For all high-dimensional datasets, we compared the intrinsic Čech complex sparsified by the algorithm presented in this paper (‘Dowker’) with a multiplicative interleaving of \(3.0\) to the Rips complex sparsified by SimBa [8] with \(c = 1.1\). For the high-dimensional datasets, we do not consider the ‘Sheehy’ and ‘Parent’ methods, because they take too long to compute and are theoretically dominated by the ‘Dowker’ algorithm. For all algorithms we calculate the size of the simplicial complex used to calculate persistent homology up to dimensions \(1\) and \(10\) (Table 2).

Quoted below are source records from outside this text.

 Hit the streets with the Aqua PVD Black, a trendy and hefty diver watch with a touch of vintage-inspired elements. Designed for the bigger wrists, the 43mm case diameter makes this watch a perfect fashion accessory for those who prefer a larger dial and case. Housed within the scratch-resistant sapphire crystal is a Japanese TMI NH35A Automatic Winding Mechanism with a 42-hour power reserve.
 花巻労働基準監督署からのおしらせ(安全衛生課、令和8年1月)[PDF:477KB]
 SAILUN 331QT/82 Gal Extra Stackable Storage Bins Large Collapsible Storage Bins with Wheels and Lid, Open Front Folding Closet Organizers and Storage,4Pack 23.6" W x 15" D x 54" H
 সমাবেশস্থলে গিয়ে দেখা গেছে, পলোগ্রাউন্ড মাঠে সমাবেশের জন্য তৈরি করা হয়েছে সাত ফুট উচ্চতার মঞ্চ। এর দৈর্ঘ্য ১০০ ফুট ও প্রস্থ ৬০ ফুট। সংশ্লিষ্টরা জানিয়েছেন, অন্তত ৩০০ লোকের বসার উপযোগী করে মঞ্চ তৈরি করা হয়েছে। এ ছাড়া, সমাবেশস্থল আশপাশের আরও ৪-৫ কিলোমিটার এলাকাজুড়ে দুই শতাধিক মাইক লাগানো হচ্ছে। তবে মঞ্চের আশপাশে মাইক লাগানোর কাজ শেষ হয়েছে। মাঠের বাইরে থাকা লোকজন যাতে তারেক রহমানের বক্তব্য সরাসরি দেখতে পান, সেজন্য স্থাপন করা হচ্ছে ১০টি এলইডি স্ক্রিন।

Table 2. Comparison of sizes of simplicial complexes for homology dimensions 1 and 10 for high-dimensional datasets in Euclidean space. The smallest simplicial complexes in each dimension are displayed in bold. Except for one dataset, the Dowker sparsifications result in smaller simplicial complexes than SimBa. Note that we write \(\infty \) when the computer ran out of memory.

In comparison to SimBa, it is noticeable that the SimBa, the Dowker Nerve is smaller for most datasets, with a more pronounced difference for persistent homology in \(10\) dimensions.

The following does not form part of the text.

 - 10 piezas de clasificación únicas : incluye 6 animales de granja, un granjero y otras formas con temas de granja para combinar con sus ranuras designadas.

Table 3. Comparison of sizes of simplicial complexes for homology dimensions 1 and 10 for graphs with 100 nodes. For the \(1\)-dimensional case, we show that the Dowker restriction can in some cases reduce the simplicial complex significantly even without any truncation.

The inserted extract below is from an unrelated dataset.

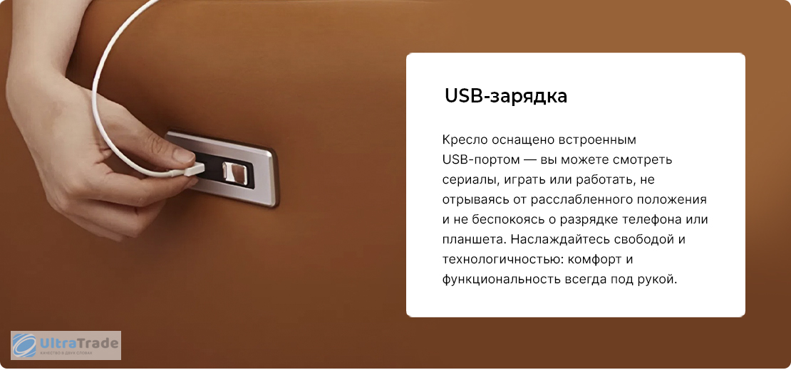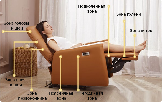 Кресло разработано с учётом принципов эргономики — его электропривод регулирует угол наклона спинки и подставки для ног, чтобы снять напряжение с позвоночника и мышц после долгого дня.
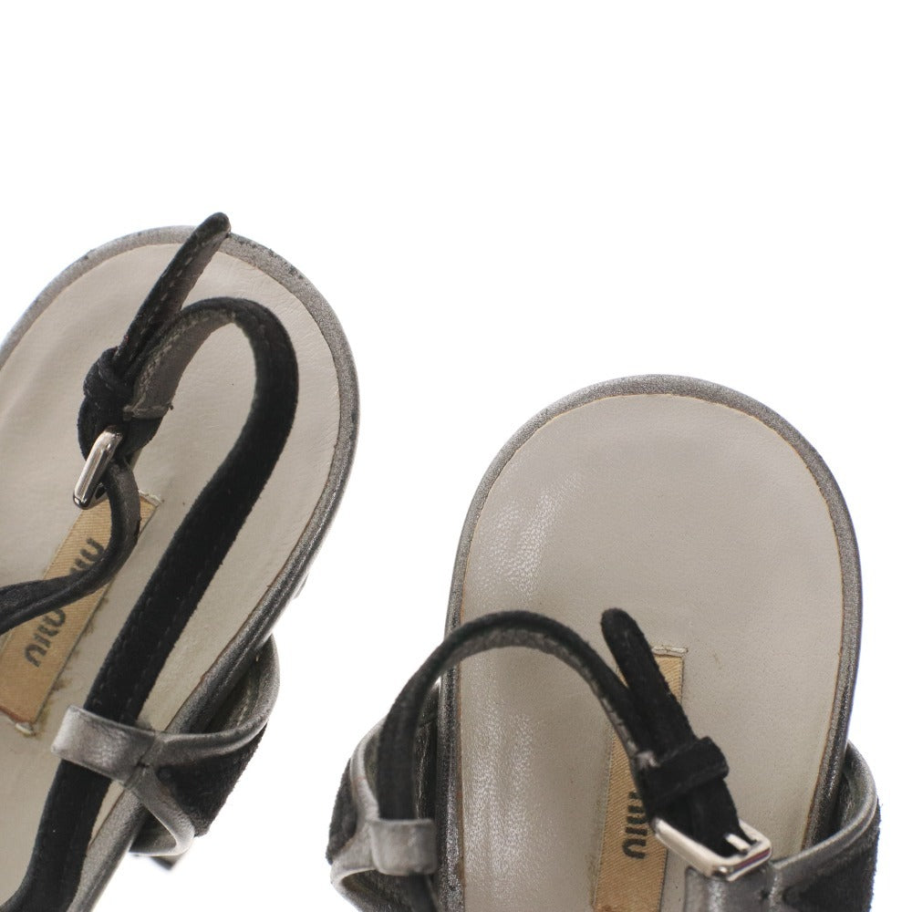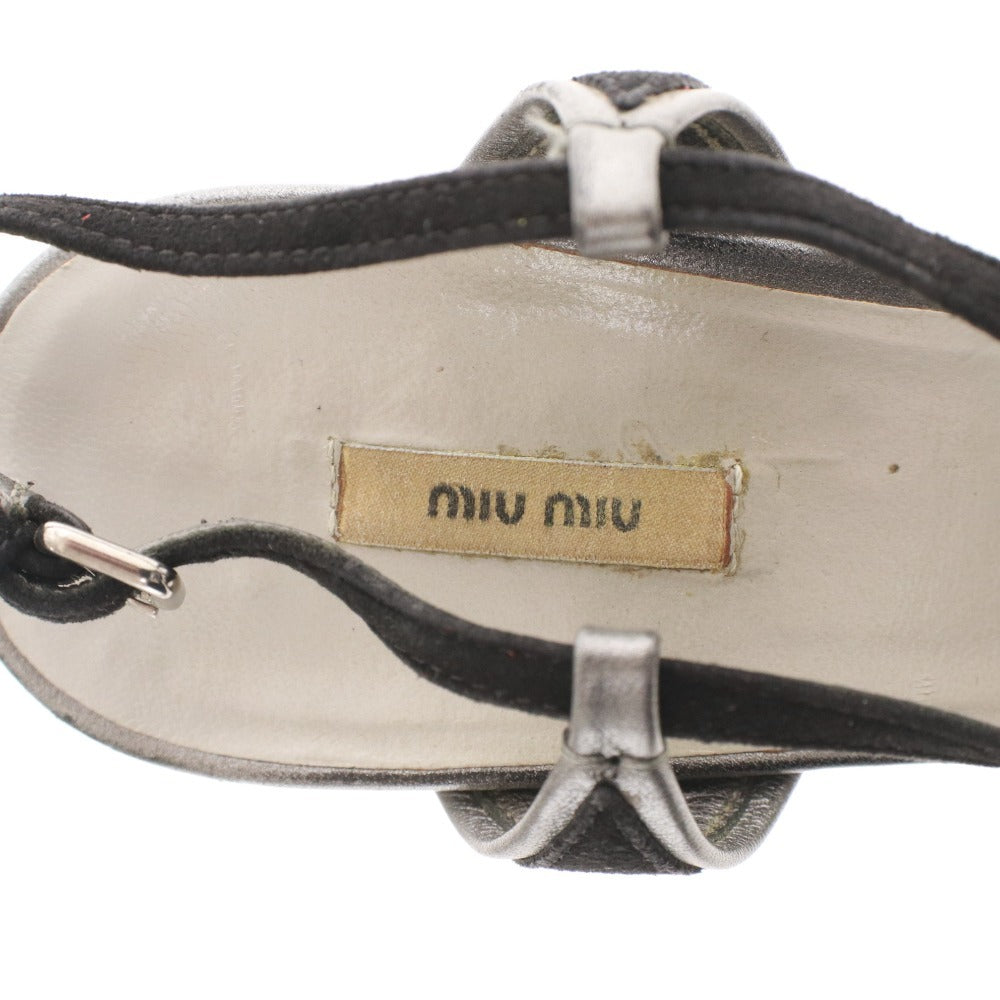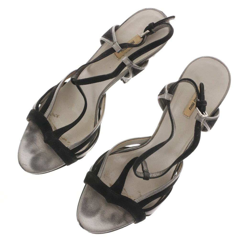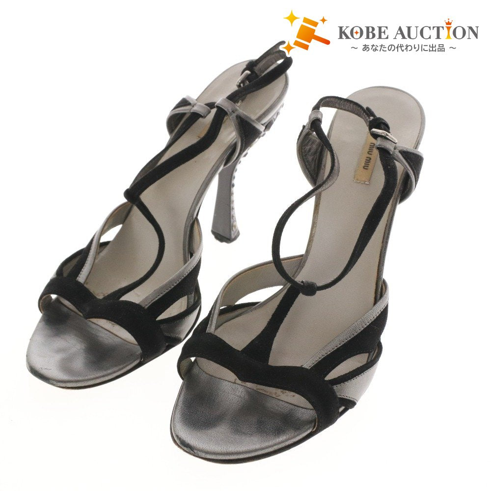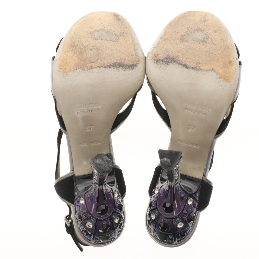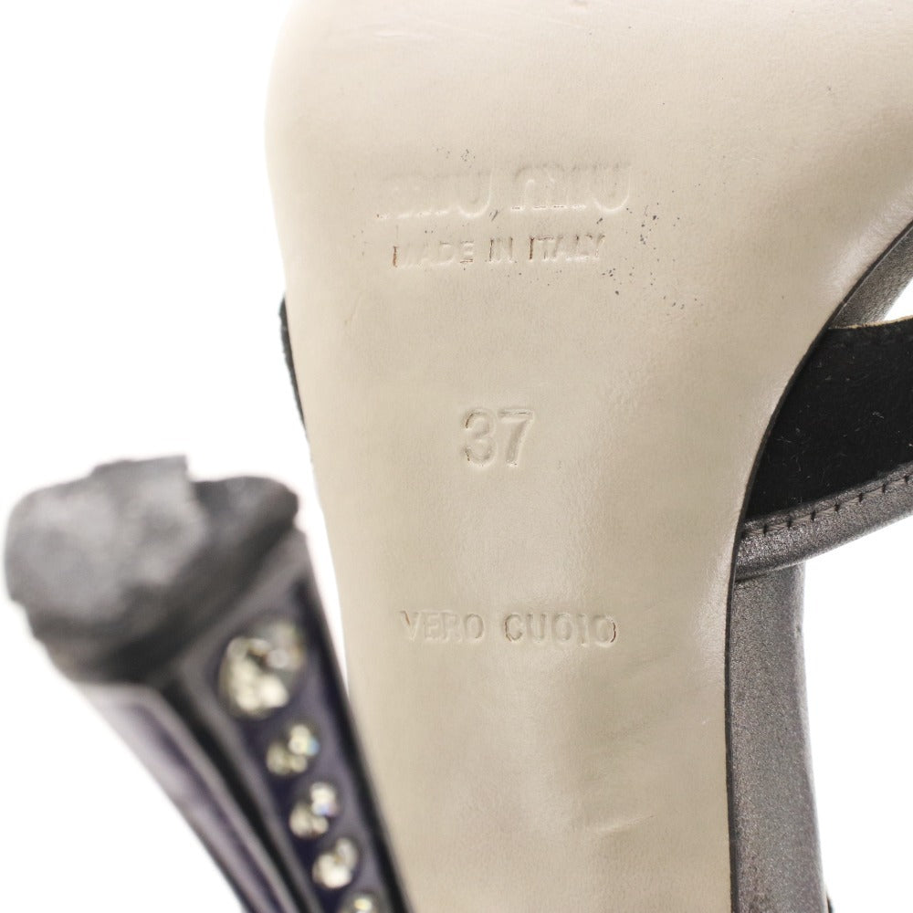 ミュウミュウ サンダル 靴 ピンヒール クリスタル ストラップ レディース 37 (24cm相当) ブラック シルバー

Graph Data. In order to treat data that does not come from a metric, we calculated persistent homology from a Dowker filtration [7]. Table 3 shows the sizes of simplicial complexes to calculate persistent homology in dimensions \(1\) and \(10\) of several different graphs with \(100\) nodes. In both cases we calculated persistent homology with a multiplicative interleaving \(\alpha = 3\), and for the \(1\)-dimensional case we also calculated exact persistent homology. For the \(1\)-dimensional case, the base nerves are always of the same size \(166750\), the restricted simplicial complexes for exact persistent homology range from \(199\) to \(166750\), while the simplicial complexes for interleaved persistent homology have sizes between \(199\) and \(721\). The simplicial complexes to calculate persistent homology in \(10\) dimensions do not grow much larger when multiplicative interleaving is \(3\).

6 Conclusions

We have presented a new algorithm for constructing a sparse nerve and have shown in benchmark examples that its size does not grow substantially for increasing data or homology dimension and that it in many cases outperforms SimBa. In addition, the presented algorithm is more flexible than previous sparsification strategies in the sense that it works for arbitrary Dowker dissimilarities and interleavings. We also provide a python package dowker_homology that implements the presented sparsification strategy.